Her first job after college was at Grant High as a campus monitor and volleyball coach. Carolyn Fitzwater, a Hall of Fame coach at Grant, helped her get started and coached above her. She also coached some softball at Grant and later helped coach Cleveland volleyball and basketball under Linda McLellan. She also was a varsity assistant in basketball at St. Mary’s Academy.

After five years at Grant, she was bumped up to a job in special education. She worked for 15 years alongside classroom teachers and doing job training for the learning-disabled, ages 17 to 21.

“The job would train me, and then I would train the special-ed student,” she said. “Or I would show them how to do things like laundry or using a microwave.”
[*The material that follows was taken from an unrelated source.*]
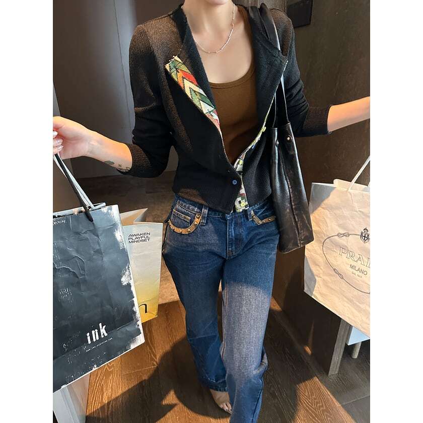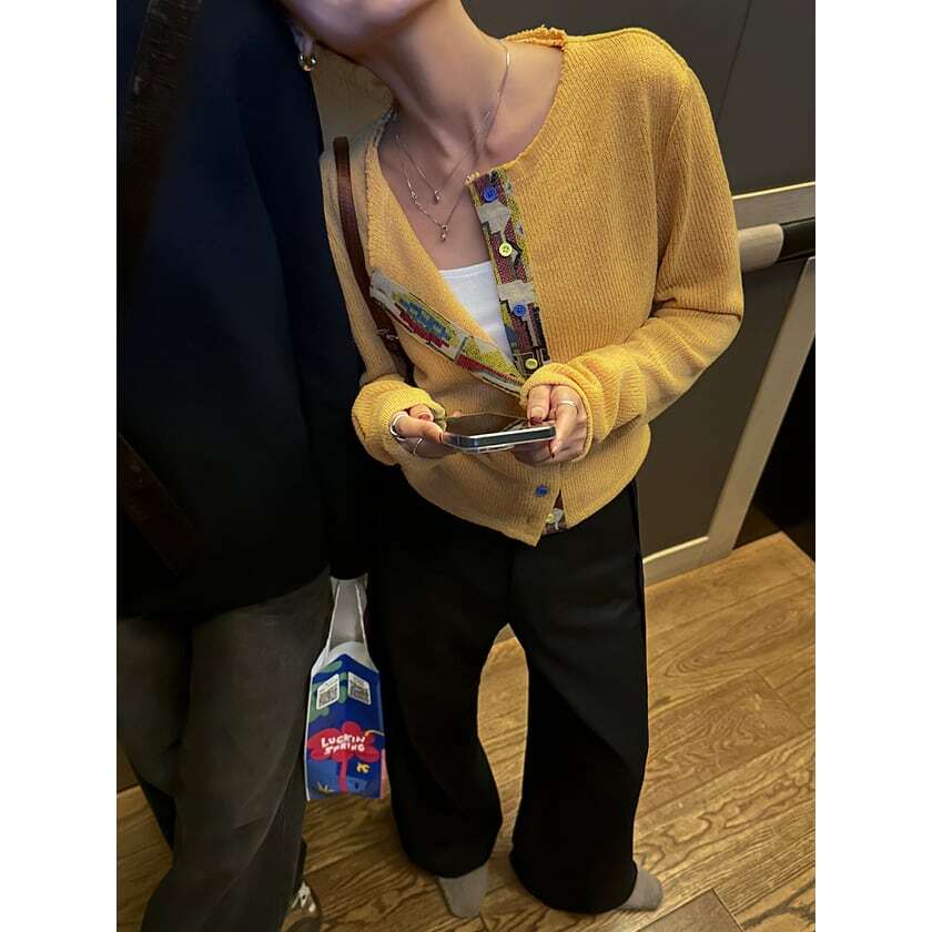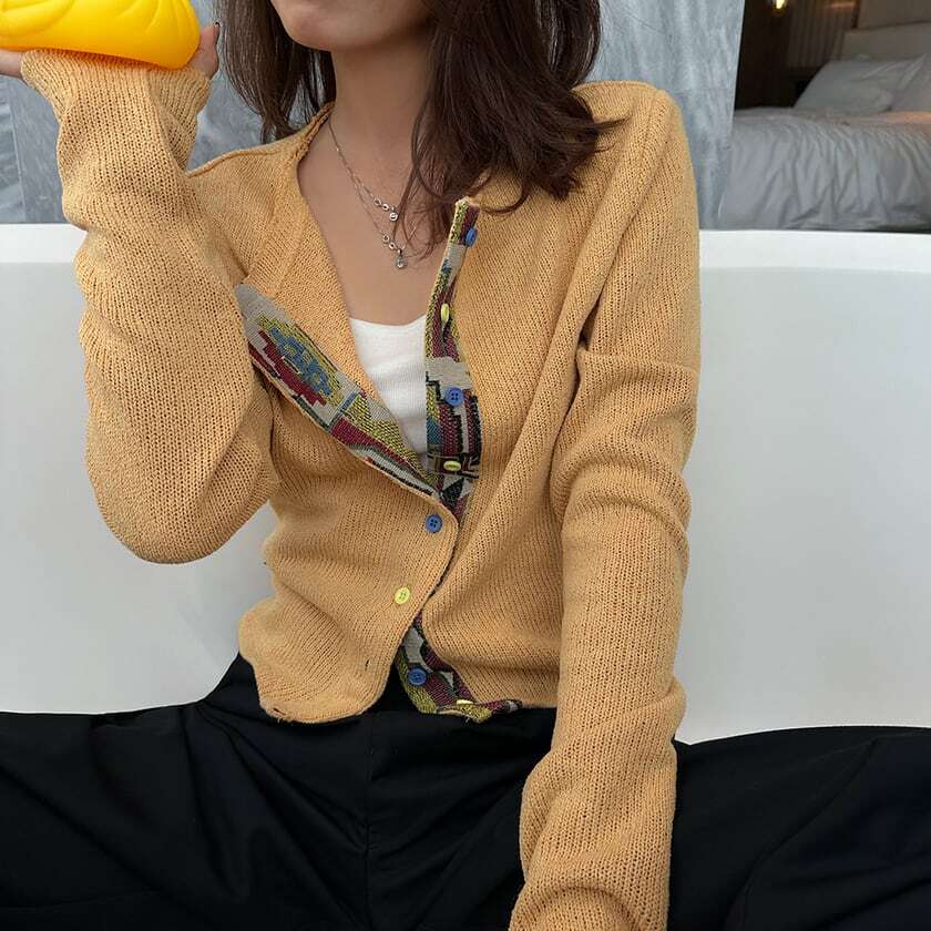 ▶︎カラフルなボタンと、前立て部分にデザインされたエスニック模様で、ボタンを閉じても開けてもどちらで着用しても個性の出るニットカーディガン。

She then went to the Multnomah County Sheriff’s Department of Corrections for nearly 14 years.

Skinner also officiated a lot of basketball and volleyball. She did high school basketball for 15 years and volleyball for 28, refereeing at many state tournaments before retiring this year. In 1996, she went to Atlanta to try out for officiating professional women’s basketball games, but wasn’t selected.

Today, she is retired and living in Oregon City. She likes to travel, camp and fish.

“Anything outdoors I like,” she said.

She follows PSU sports, Oregon and Oregon State women’s basketball, the Seattle Mariners and more, but “if somebody asked me to go camping or fishing, that’s what I’d do.”

Times have changed in so many ways.

“Female basketball and volleyball players are so far advanced and such great athletes,” she said. “But I considered myself a pretty good athlete for my team, and the people in my era, like Karen Strong, Karyl Wing, Kathleen Sherman and Teri Mariani, we started the path to opening more sports for girls.”